Al mismo tiempo, el panorama político ha sido modificado por un fuerte declive de la influencia pública de la izquierda socialdemócrata, que viene a sumarse a la pérdida de influencia de la Democracia Cristiana y lo que quedaba del socialcristianismo al interior de la Nueva Mayoría. Por su parte, los sectores que se ubican a la izquierda del Partido Comunista se han agrupado en un Frente Amplio que levantará candidatos a diputados en gran parte del país, e incluso han anunciado que tendrán una opción presidencial.

Un segundo factor a considerar es el estancamiento económico del país. A la pérdida de la inversión extranjera se suma un bajo crecimiento que lleva a que Chile sea de los que menos crece en América Latina. Esto tiene importantes consecuencias para la vida diaria de los chilenos, tanto en materia laboral como de acceso a más y mejores oportunidades.
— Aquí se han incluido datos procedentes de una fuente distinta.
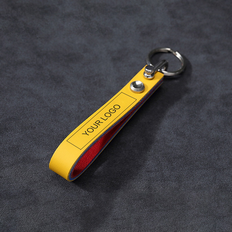 These multicolor leather keychains (dark green, black, blue, yellow) are crafted from premium leather with robust metal hardware. Sophisticated, durable, and perfect for business gifting or corporate use, serving as a high-quality, professional accessory for executives or clients.
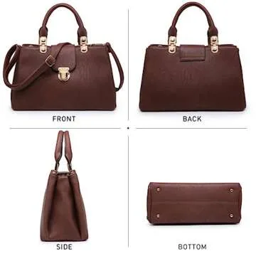 Dasein Women Satchel Handbags Top Handle Purse Medium Tote Bag Vegan Leather Shoulder Bag Coffee
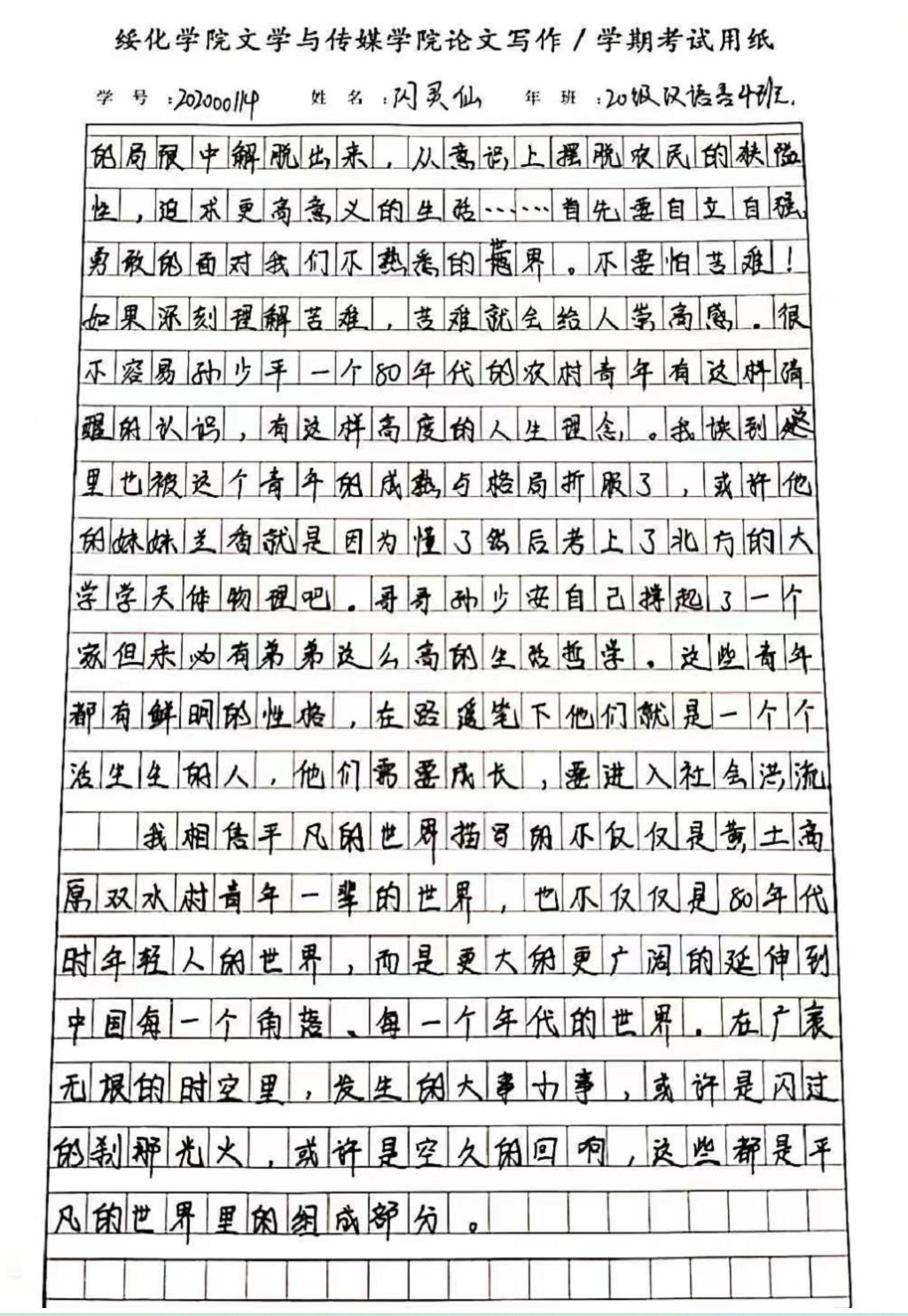 2020级汉语言文学四班闪灵仙
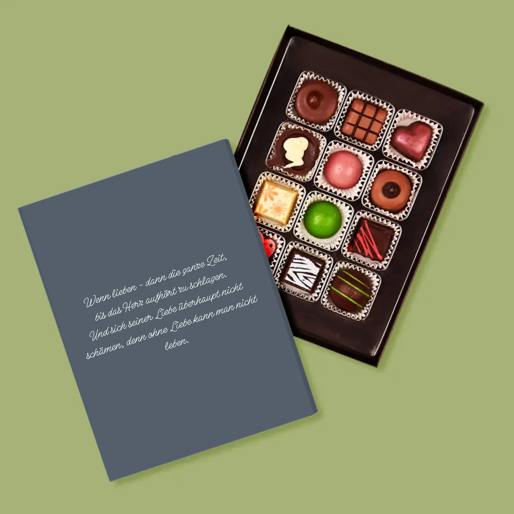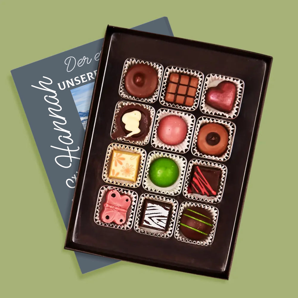 Leckere Pralinen aus belgischer Schokolade in einer eleganten Schachtel, individuell personalisiert.
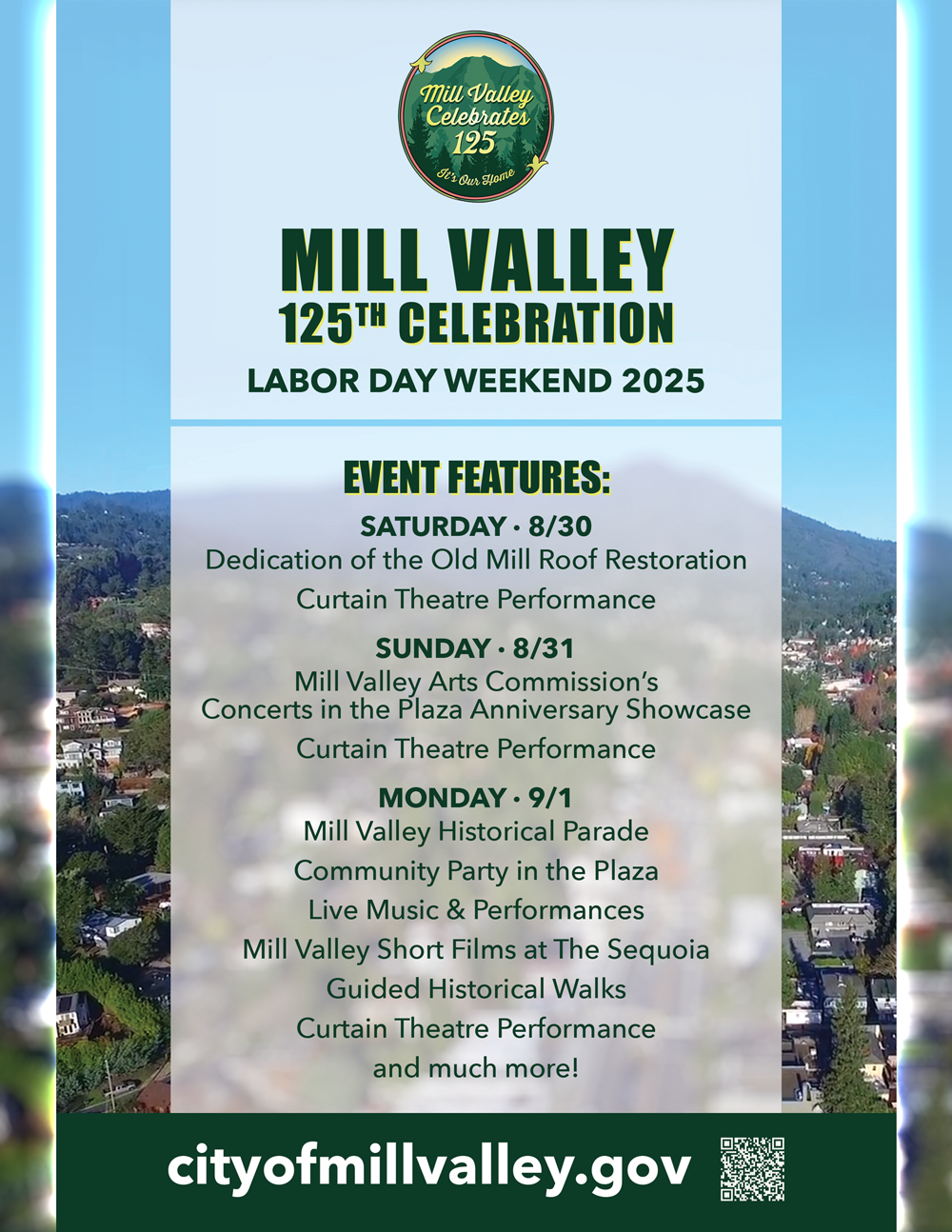 Join us Labor Day Weekend as we celebrate Mill Valley's 125th!
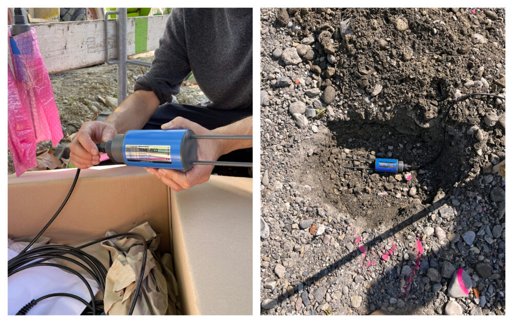 Im Sommer 2025 wurden zusätzlich vier Temperatursensoren installiert. Dadurch können Bodenfeuchtedaten künftig in einen klimatischen Kontext eingebettet sowie mikroklimatische Auswirkungen der Schwammstadt-Massnahmen quantifiziert werden. Zudem ist angedacht, die Fläche im nordöstlichen Teil des Areals (Bereich 1) durch Saftflussmessungen an drei Baumarten zu ergänzen. Dies liefert Informationen zur Verdunstungsleistung der Bäume und ermöglicht in Kombination mit Bodenfeuchte- und Klimadaten Rückschlüsse auf die Ursachen bei reduzierter Verdunstung. Dadurch wird eine präzisere Beurteilung des Wasserhaushalts der Fläche und ihrer mikroklimatischen Wirkungen möglich.
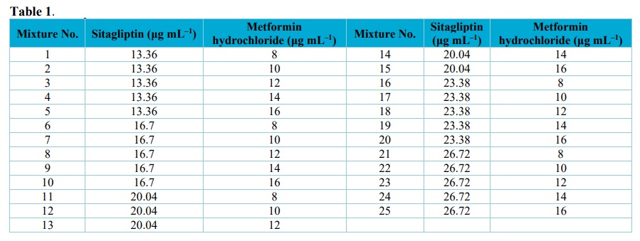 A set of twelve binary mixtures of sitagliptin and metformin hydrochloride was prepared by transferring different volumes into 50 mL volumetric flasks and the procedure under the construction of the training set was repeated.
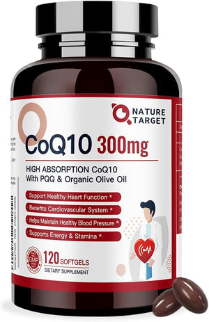Apoya la salud cardíaca: las cápsulas blandas CoQ10 de grado USP de 300 mg de Nature Target son de origen natural, utilizadas por muchas personas para proteger la salud del corazón y mejorar la función cardíaca. Potente antioxidante que te ayuda a proteger las células contra daños.
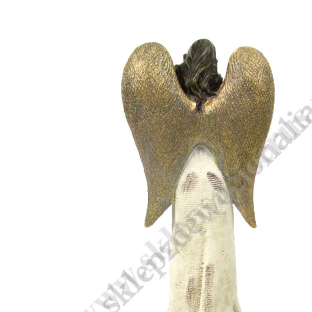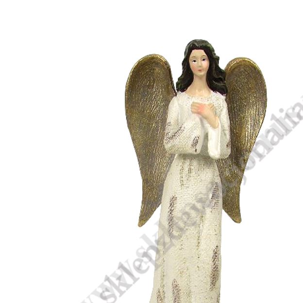 Anioł modlący się w kolorze ecru złoto - brązowym wykonany z polyresin (mieszanka żywicy, mączek alabastrowych i ceramicznych), delikatnie posypany złotym brokatem.
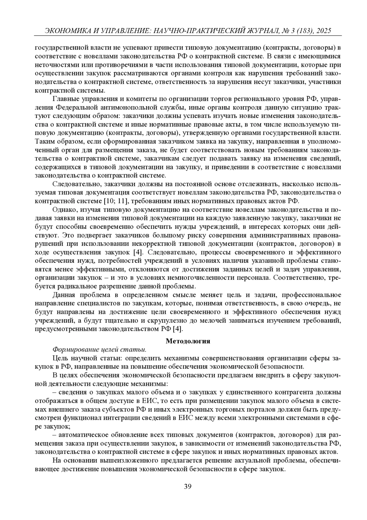 В научной статье рассматриваются актуальные вопросы по обеспечению экономической безопасности в сфере закупок в Российской Федерации. Эффективность экономической безопасности в сфере закупок обеспечивается за счет создания условий открытости и прозрачности сведений по осуществлению конкурентных закупок, в том числе закупок малого объема, закупок у единственного контрагента. Сведения о закупках в ближайшей перспективе должны отображаться в общем доступе на едином информационном ресурсе в Единой информационной системе (далее – ЕИС), что позволит обеспечивать конкурентоспособность, будет соответствовать новым реалиям цифровизации, требованиям экономической политики страны, антикоррупционной составляющей, способствовать внедрению механизмов, обеспечивающих эффективность закупочной деятельности и экономическую безопасность управления в сфере закупок
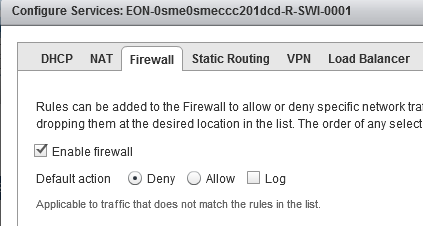 The Firewall is one of the most critical components of the DCS infrastructure in regards to security. It is recommended to use the vShield Edge firewall included inside of DCS or to use a third-party firewall like Fortigate, Checkpoint, Barracuda, or Juniper are just some of the firewalls that are currently in use. Regardless of the firewall selected it is important that a firewall is installed, activated, and configured correctly.
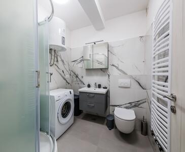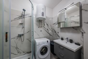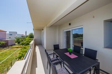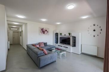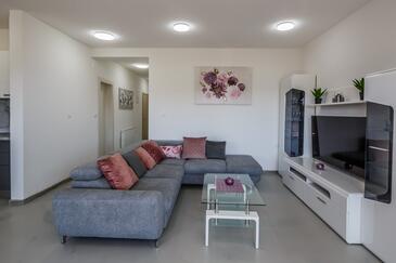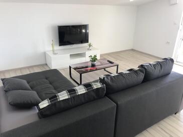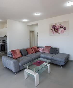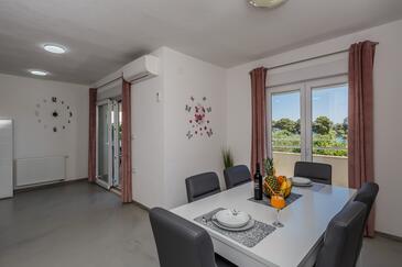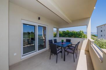 Ferienwohnung bietet Platz für 8 Gäste. Die Betten sind in Schlafzimmern, die es 3 gibt, und in Wohnzimmer, innerhalb einer Gesamtfläche von 83m2, angeordnet. Die Gäste haben eine eigene Terrasse zur Verfügung, auf der sie in warmen Sommernächten genießen können. Das Apartment bietet Meerblick. Es ist erlaubt, Speisen auf dem Gemeinschafts-Grill vorzubereiten.
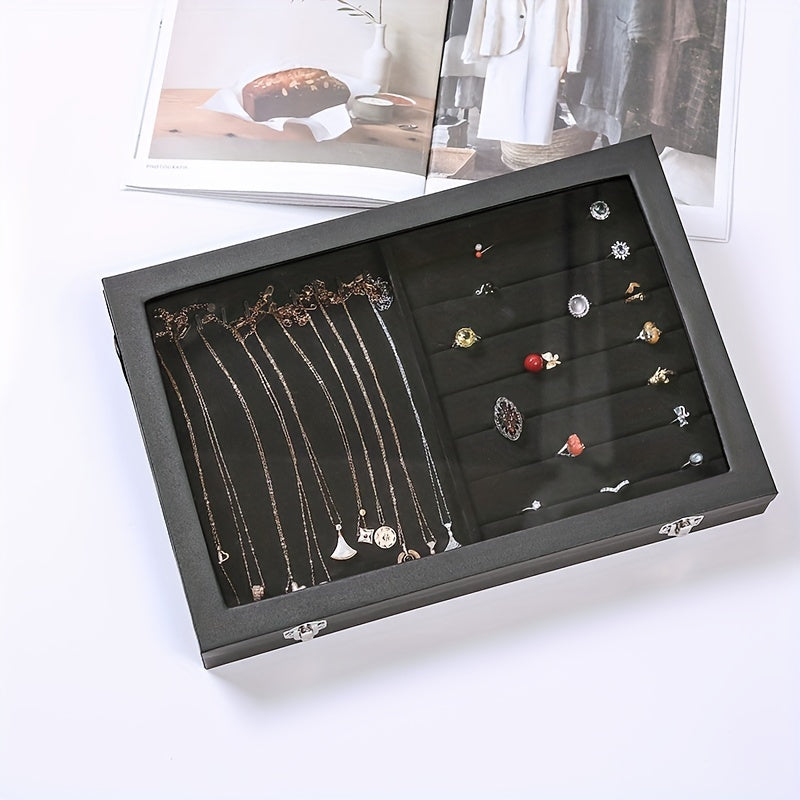 Keep your jewelry organized in this classic rectangular storage box. Perfect for storing earrings, necklaces, bracelets, and rings.

El frenazo económico perjudica a los chilenos y por eso el próximo Gobierno debe revertir la tendencia negativa.

Por último, la posibilidad de perder nuevamente las elecciones muestra la peor cara de una izquierda agresiva, que no se resigna a abandonar los puestos de Gobierno o que no logra entender que los ciudadanos prefieren una opción distinta para Chile. En ese sentido, los llamados a “funar” la proclamación del ex Presidente y los virulentos ataques en redes sociales son solamente la punta de un iceberg que bajo el agua esconde una importante cultura antidemocrática.

El desafío del ex Presidente Piñera ya no es solo una candidatura que concluirá en noviembre o diciembre de este año: tiene que ver con entender el nuevo panorama político del país, y con hacerse cargo de la dramática situación económica que afecta a la clase media y a los más pobres de nuestra sociedad. Pero por sobre todo, se trata de enfrentar en el discurso y en los hechos a una izquierda que simplemente no cree en la democracia.

En marzo de 2018 debe comenzar el segundo mandato de Sebastián Piñera, un Gobierno de progreso para todos los chilenos.